Однако упадок, как и говорилось выше, Ницше узрел с эпохи Сократа, упадок Ницше рассматривает в расовом и культурном смешении, в вырождении всего высшего, обладающего волей к власти, к низшему типу человечества, т.е. к человеку толпы, последнему человеку, к типу человека, носителя качеств нисходящей воли.
Причину упадка в большей степени, по Ницше видит в христианстве, в этой религии породившей религию рабов и презревшей волю к жизни и волю к власти.
Свое негодование и возмущение этой религией упадка, Ницше выражает следующим образом:   «Христианство есть смертельная вражда к господам земли, к «знатным», и вместе с тем скрытое, тайное соперничество с ними (им предоставляют «плоть», себе хотят только «душу»…).
Христианство – это ненависть к уму, гордости, мужеству, свободе; это libertinage ума христианство есть ненависть к чувствам, к радостям чувств, к радости вообще…
Христианство хочет приобрести господство над дикими зверями, средством для этого является – сделать их больными. Делать слабым – это христианский рецепт к приручению, к «цивилизации» [16].
По мнению Ницше, из самых тайных уголков дурных инстинктов христианство создало смертельную вражду ко всякому чувству благоговения и почтительного расстояния между человеком и человеком, которое является предусловием для всякого повышения роста культуры, -  из ressentiment масс  оно выковало главное орудие против нас, против всего благородного, радостного, великодушного на земле, против нашего счастья на земле…

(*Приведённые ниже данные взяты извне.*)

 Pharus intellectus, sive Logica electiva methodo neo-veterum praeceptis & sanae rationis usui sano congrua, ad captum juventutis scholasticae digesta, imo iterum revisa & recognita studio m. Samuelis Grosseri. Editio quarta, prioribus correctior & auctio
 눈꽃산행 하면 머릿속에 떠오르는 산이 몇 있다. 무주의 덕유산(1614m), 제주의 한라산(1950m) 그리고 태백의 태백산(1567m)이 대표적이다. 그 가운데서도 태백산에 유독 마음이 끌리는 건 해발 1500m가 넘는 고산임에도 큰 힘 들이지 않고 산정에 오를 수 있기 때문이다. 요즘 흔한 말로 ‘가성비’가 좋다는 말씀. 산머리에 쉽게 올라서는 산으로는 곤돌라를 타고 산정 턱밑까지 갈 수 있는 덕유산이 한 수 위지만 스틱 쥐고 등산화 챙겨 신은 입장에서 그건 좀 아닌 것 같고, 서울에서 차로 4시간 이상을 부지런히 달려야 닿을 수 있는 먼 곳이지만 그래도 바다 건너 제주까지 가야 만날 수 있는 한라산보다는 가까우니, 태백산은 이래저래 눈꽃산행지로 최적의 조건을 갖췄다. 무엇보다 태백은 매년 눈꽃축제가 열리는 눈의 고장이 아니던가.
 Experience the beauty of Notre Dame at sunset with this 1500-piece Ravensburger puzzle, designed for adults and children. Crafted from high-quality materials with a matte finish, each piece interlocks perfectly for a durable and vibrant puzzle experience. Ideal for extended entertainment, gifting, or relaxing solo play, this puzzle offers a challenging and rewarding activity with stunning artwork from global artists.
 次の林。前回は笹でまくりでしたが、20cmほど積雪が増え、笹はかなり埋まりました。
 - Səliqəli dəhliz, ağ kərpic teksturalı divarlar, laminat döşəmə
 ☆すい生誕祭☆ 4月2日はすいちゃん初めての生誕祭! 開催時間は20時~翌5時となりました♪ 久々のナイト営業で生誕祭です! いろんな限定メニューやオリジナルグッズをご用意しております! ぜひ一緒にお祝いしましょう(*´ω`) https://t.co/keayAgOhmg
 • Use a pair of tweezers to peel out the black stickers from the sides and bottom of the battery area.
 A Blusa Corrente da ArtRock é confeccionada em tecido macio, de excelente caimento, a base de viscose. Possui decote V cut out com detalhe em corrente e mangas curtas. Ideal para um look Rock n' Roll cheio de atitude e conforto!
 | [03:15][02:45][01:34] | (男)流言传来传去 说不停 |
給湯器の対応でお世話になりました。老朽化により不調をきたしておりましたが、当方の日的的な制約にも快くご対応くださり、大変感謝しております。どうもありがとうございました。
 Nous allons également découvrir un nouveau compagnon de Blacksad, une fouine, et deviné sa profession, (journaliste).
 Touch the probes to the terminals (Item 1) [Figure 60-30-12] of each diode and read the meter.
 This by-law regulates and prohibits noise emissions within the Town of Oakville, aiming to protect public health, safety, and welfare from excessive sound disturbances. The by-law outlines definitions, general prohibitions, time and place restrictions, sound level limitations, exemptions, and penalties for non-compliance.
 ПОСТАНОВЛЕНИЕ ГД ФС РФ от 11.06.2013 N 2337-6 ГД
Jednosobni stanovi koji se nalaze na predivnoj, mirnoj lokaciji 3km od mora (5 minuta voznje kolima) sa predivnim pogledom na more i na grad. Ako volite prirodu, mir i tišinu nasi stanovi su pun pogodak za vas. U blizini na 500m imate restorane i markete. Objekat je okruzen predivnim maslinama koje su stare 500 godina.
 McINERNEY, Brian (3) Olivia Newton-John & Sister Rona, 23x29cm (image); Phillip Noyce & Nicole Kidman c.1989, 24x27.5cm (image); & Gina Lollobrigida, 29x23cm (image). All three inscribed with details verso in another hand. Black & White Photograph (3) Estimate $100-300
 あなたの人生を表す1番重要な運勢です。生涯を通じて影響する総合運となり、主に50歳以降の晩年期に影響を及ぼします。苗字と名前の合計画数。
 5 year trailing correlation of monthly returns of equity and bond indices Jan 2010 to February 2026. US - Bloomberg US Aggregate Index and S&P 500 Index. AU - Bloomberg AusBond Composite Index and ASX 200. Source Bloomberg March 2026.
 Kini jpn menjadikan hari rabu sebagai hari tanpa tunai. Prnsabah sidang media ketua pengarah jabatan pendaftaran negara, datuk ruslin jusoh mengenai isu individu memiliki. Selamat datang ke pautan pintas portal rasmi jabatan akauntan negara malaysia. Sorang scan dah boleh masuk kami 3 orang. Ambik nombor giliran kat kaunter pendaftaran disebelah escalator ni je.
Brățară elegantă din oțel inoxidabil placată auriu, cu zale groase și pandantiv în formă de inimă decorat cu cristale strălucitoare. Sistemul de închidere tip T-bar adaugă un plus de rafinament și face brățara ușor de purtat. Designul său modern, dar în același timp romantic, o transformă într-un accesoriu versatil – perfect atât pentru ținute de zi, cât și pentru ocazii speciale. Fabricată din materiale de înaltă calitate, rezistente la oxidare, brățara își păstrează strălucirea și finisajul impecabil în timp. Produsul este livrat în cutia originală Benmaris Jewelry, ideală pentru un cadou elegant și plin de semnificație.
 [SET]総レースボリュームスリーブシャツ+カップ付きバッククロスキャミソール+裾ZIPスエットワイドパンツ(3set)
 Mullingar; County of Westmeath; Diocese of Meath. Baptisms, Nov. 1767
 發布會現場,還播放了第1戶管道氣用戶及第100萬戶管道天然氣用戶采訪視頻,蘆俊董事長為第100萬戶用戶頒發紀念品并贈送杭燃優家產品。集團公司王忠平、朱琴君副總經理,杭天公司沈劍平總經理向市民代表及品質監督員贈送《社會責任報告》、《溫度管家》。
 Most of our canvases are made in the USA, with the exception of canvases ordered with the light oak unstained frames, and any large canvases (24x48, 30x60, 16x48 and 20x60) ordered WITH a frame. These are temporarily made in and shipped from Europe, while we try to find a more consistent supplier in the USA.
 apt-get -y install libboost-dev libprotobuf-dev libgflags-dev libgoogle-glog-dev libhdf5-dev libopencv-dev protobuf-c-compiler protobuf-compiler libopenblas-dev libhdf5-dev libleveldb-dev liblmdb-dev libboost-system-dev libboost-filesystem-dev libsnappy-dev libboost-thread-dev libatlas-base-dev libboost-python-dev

Критикует Ницше не только веру, но и самого христианского бога, ибо по Ницше,  для богов нет иной альтернативы: или они есть воля к власти, и тогда они бывают национальными божествами, или же они есть бессилие к власти – и тогда они по необходимости делаются добрыми… Где понижается воля к власти в какой бы то ни было форме, там всякий раз происходит также и физиологический спад, decadence.  Божество decadence, кастрированное в сильнейших своих добродетелях и влечениях, делается теперь по необходимости Богом физиологически вырождающихся, Богом слабых. По Ницше Бог «великого числа», демократ между богами, несмотря на это, не сделался гордым богом  язычников: он  остался иудеем, он остался богом закоулка, богом всех темных углов и мест, всех нездоровых жилищ целого мира!.. Цартво его мира всегда было царством преисподней, госпиталем, царством souterrrain (подполье Фр.) царством гетто…
«Бог христиан - это гибрид упадка, образовавшийся из нуля, понятия и противоречия, в котором получили свою санкцию все инстинкты decadence, вся трусливость и усталость души!.. «[16].
Сильные расы северной Европы не оттолкнули от себя христианского Бога, и это не делает чести их религиозной одаренности, не говоря уже о вкусе. Они должны бы  справится с таким болезненным и слабым выродком  decadence. Но за то, что они не справились с ним, на них лежит проклятие: они впитали во все  свои инстинкты болезненности, дряхлости, противоречие, они уже не создали с тех пор более никакого Бога. «Почти два тысячелетия – и ни одного нового божества!» - подчеркивает  Ницше на страницах своего произведения «Антихристианин».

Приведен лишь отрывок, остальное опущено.